I have the following question:
Let $X$ be a random variable, prove that for any real number $a$,
$$\mathrm{Var}(X) \le E[(X-a)^2].$$
The question gives a hint by saying:
Write $\mathrm{Var}(X) = E[(X-a-(E[X]-a)^2)$.

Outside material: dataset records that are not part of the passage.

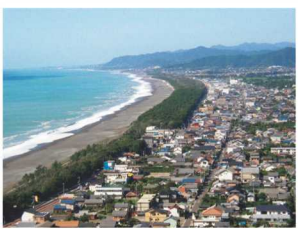
しちりみはま かいがんりん 七里御浜の海岸林
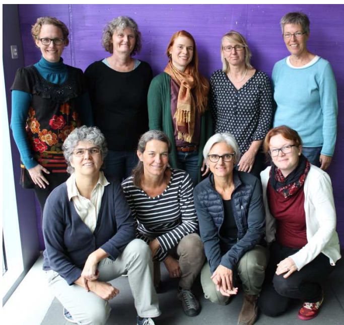
Ein starkes Team: Mitarbeitende des Brückendienstes Spitex Stadt Luzern

13.30 Uhr: Frau Egolf hat den nächsten Einsatz von Bea N. selbst übernommen. Einmal pro Woche ist der Brückendienst bei Frau P., einer jungen Frau mit Bronchus-Karzinom. Sie ist nach einer OP und Chemotherapie aus dem Spital zurück. Oft hat sie Angst zu ersticken; da sie allein lebt, ist sie froh um die Gespräche mit den Pflegefachfrauen. Frau E. geht auf ihre Bedürfnisse ein: Treten bestimmte Symptome verstärkt auf? Ist eine Symptomkontrolle in Zusammenhang mit den Ängsten erforderlich? Braucht die Klientin psychologische Unterstützung? Kann mit geeigneter Lektüre weitergeholfen werden?
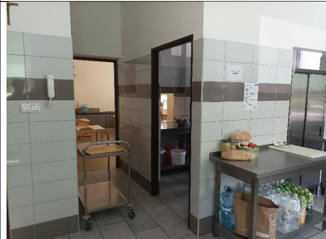
Pom. 0.9 przygotowalnia
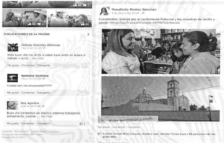
Imagen a la que hace alusión el quejoso en su escrito de denuncia, por lo cual se procedió a dar doble clic en la misma, desplegándose la siguiente pantalla:

En dicha página se aprecian a través de fotografías y mensajes, las actividades que ha ido realizando Rosalinda Muñoz Sánchez, Candidata a Diputada Federal del Distrito uninominal uno en el estado de Tlaxcala, como parte de su campaña, así mismo en la parte inferior de la página en mención se pudo apreciar la siguiente imagen:
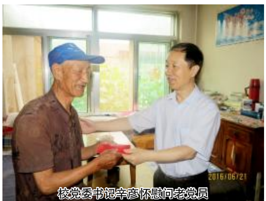
校党委书记辛彦怀慰问老党员
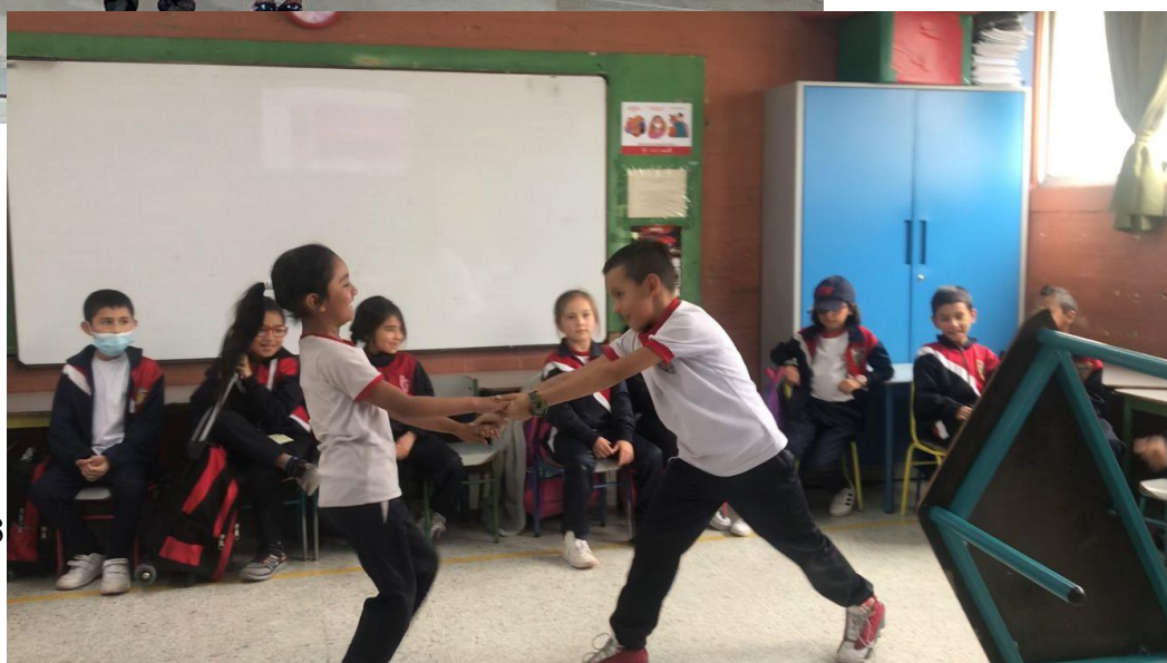
(Imagen #22 y 23)
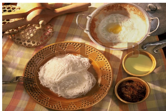
Spezialität aus Sri Lanka: Stringhoppers mit Chilli-Sauce

Ort: Negombo Goldi Sands 3,5* Standard – DZ/ÜF ab 429 €

So I thought about just expanding the LHS:
\begin{align*}
E[(X-a)^2]
&= E[X^2 – 2aX – a^2] \\
&=E[X^2] – 2aE[X] – a^2
\end{align*}
Since $a$ is a constant $E[a^2]= a^2$.
I did not see anything obvious so I did the same thing to the RHS:
\begin{align*}
\mathrm{Var}(X)
&= E[(X – a – (E[X] – a))^2] \\
&= E[X] – E[a] -E[(E[X])^2 – aE[X] +a^2] \\
&= E[X] – a – (E[X])^2 – aE[X]+a^2
\end{align*}
But now I am stuck because I feel like a did a ton of algebra, and don't know how to proceed. Any help on to get unstuck (or if I misinterpreted something) would be greatly appreciated.
Best Answer
We know that $\operatorname{Var}(X) = E[X^2] - E^2[X]$. Let's see how can we massage $E[(X - a)^2]$:
\begin{eqnarray} E[(X - a)^2] &=& \\ &=& E[X^2 - 2 a E[X] + a^2] \\ &=& a^2 - 2aE[X] + E[X^2] \\ &=& (a - E[X])^2 + E[X^2] - E^2[X] \\ &=& (a - E[X])^2 + \operatorname{Var}(X) \end{eqnarray}
This concludes the proof :)